# Exercise data
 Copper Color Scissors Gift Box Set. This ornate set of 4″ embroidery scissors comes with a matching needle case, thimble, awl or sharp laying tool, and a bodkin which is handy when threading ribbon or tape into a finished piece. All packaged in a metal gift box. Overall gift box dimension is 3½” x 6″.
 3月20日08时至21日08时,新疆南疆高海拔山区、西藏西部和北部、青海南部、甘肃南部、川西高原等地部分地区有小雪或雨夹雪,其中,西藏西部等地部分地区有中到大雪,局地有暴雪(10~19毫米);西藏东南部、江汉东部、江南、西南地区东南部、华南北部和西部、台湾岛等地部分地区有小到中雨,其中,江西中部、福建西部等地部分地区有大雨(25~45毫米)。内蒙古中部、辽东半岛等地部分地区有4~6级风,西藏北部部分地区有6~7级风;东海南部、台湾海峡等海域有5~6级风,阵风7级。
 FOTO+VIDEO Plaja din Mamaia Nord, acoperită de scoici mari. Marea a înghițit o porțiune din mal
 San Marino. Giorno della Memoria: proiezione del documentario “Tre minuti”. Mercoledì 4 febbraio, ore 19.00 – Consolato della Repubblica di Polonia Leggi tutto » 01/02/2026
* * *
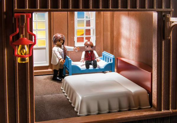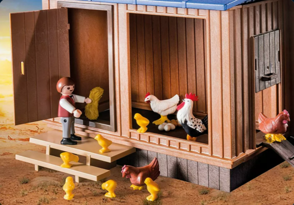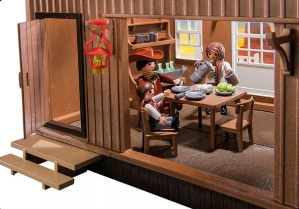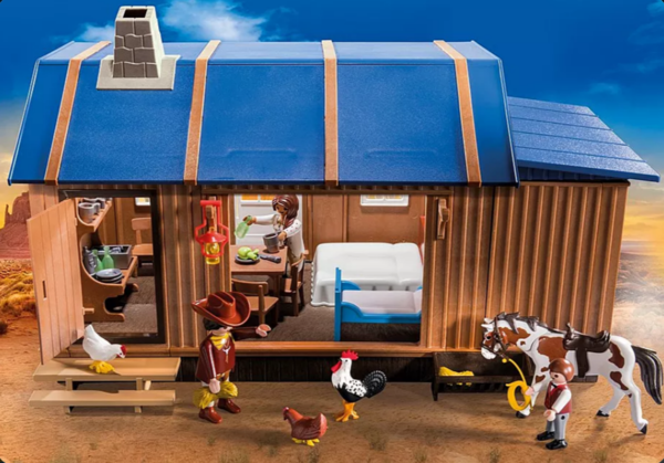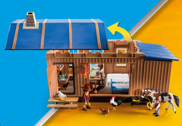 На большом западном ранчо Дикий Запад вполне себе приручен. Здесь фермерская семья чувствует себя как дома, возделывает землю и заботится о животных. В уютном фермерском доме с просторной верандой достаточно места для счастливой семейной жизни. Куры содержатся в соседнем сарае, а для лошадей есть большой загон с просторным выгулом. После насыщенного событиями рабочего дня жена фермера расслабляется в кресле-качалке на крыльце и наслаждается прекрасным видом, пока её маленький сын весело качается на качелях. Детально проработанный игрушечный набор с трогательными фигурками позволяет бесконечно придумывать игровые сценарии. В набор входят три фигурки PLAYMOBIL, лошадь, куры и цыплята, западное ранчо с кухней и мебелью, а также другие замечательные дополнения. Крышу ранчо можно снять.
==
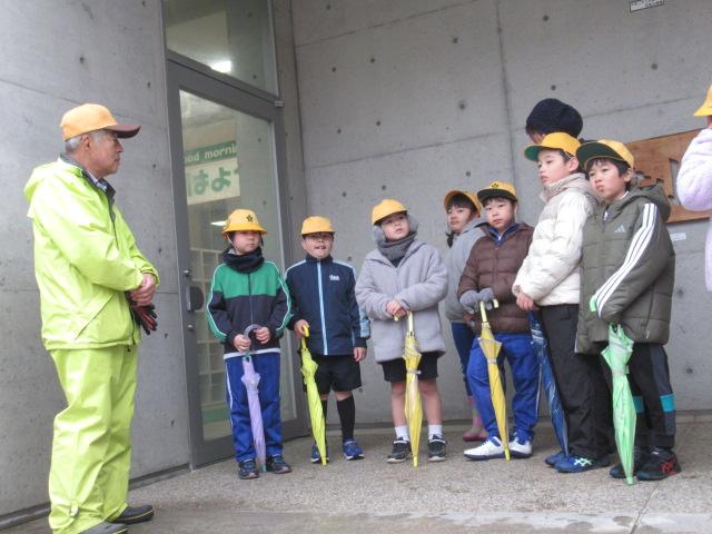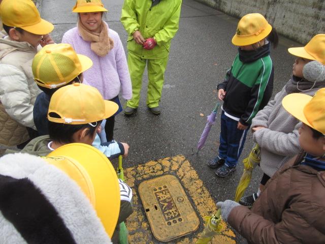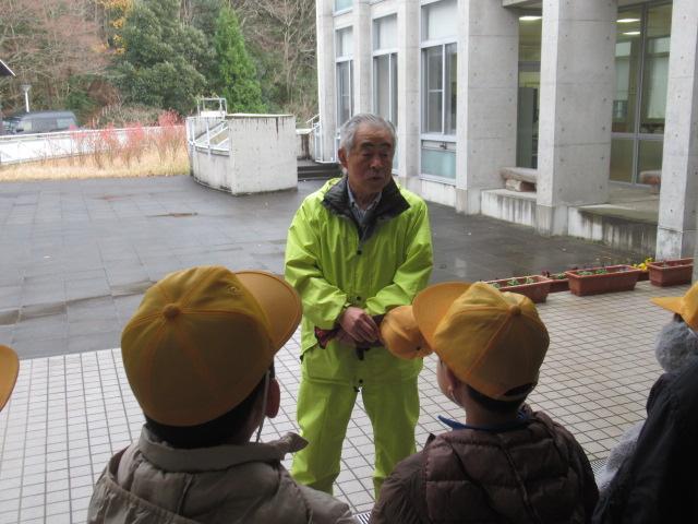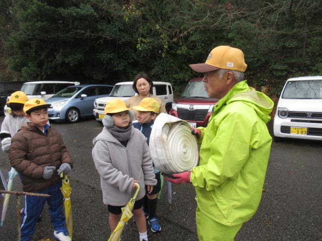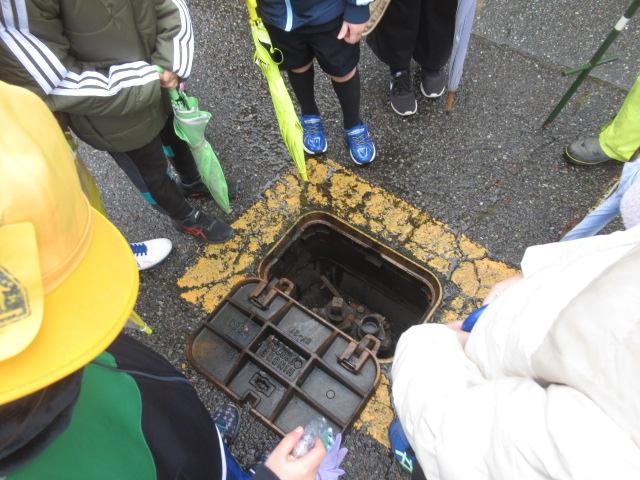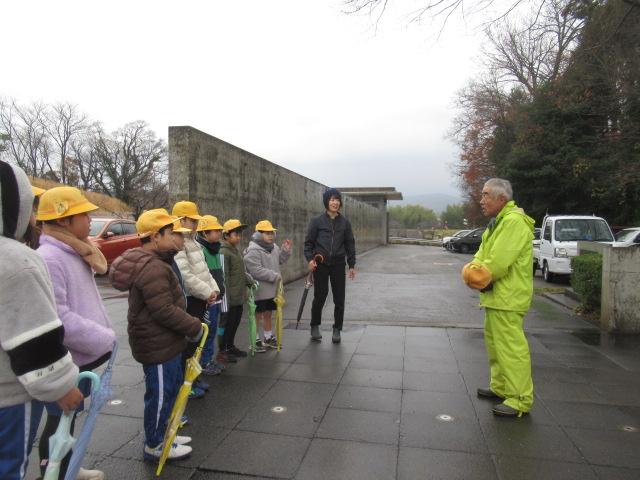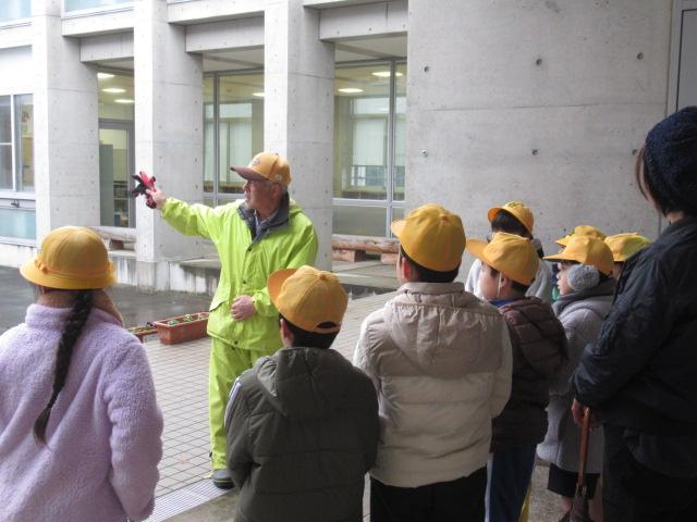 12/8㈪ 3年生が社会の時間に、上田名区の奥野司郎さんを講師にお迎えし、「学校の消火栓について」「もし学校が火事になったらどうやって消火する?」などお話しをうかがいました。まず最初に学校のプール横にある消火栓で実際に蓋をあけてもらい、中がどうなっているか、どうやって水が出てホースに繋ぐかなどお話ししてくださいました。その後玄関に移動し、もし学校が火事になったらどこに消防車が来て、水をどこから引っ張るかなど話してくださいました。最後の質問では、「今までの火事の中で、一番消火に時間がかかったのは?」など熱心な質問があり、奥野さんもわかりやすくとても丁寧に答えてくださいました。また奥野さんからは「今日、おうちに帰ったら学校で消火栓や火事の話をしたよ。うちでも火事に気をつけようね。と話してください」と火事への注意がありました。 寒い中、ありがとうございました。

# Problem to solve
Looking at the data above, write out exactly the lines that start at the one containing "Copper Color Scissors" and end at the one containing "FOTO+VIDEO Plaja din"; include both and nothing beyond.

# Response to the task
 Copper Color Scissors Gift Box Set. This ornate set of 4″ embroidery scissors comes with a matching needle case, thimble, awl or sharp laying tool, and a bodkin which is handy when threading ribbon or tape into a finished piece. All packaged in a metal gift box. Overall gift box dimension is 3½” x 6″.
 3月20日08时至21日08时,新疆南疆高海拔山区、西藏西部和北部、青海南部、甘肃南部、川西高原等地部分地区有小雪或雨夹雪,其中,西藏西部等地部分地区有中到大雪,局地有暴雪(10~19毫米);西藏东南部、江汉东部、江南、西南地区东南部、华南北部和西部、台湾岛等地部分地区有小到中雨,其中,江西中部、福建西部等地部分地区有大雨(25~45毫米)。内蒙古中部、辽东半岛等地部分地区有4~6级风,西藏北部部分地区有6~7级风;东海南部、台湾海峡等海域有5~6级风,阵风7级。
 FOTO+VIDEO Plaja din Mamaia Nord, acoperită de scoici mari. Marea a înghițit o porțiune din mal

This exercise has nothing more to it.